Corporation Island is a small island on the River Thames in London. The island is between Richmond Bridge and Richmond Railway Bridge, where it forms part of the celebrated view from the Richmond waterfront. Its name seems to derive from its owners, the Corporation of Richmond, now the London Borough of Richmond upon Thames. It is uninhabited and heavily wooded, and was formerly known as Richmond Ait.

The unpopulated Corporation Island is densely wooded with white willow, crack willow and weeping willow as well as hybrid black poplar. These were planted in the 1960s after Richmond Borough Council felled the London plane trees that had grown there. The island may have changed its shape due to alterations in the tidal flows in the Thames following the construction of the New London Bridge in 1829, followed by that of the Richmond half-tide lock.

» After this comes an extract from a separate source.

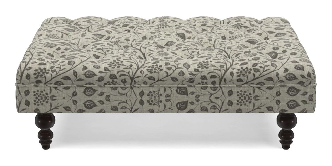 A traditionally styled, large, low rectangular footstool featuring classic buttoning and solid hardwood turned feet.

Corporation Island is home to a heronry, a nesting colony of grey heron, which had 12 active nests in 2016. Just downstream from Corporation Island are the last islands on the Surrey stretch of the Thames, the Flowerpot Islands, which are two nearly circular islands covered in willows that were a single island until they were divided into two on the orders of the Duke of Queensbury in 1796. Subsequently, tidal erosion has reduced them to the two tiny islets, or eyots, currently visible.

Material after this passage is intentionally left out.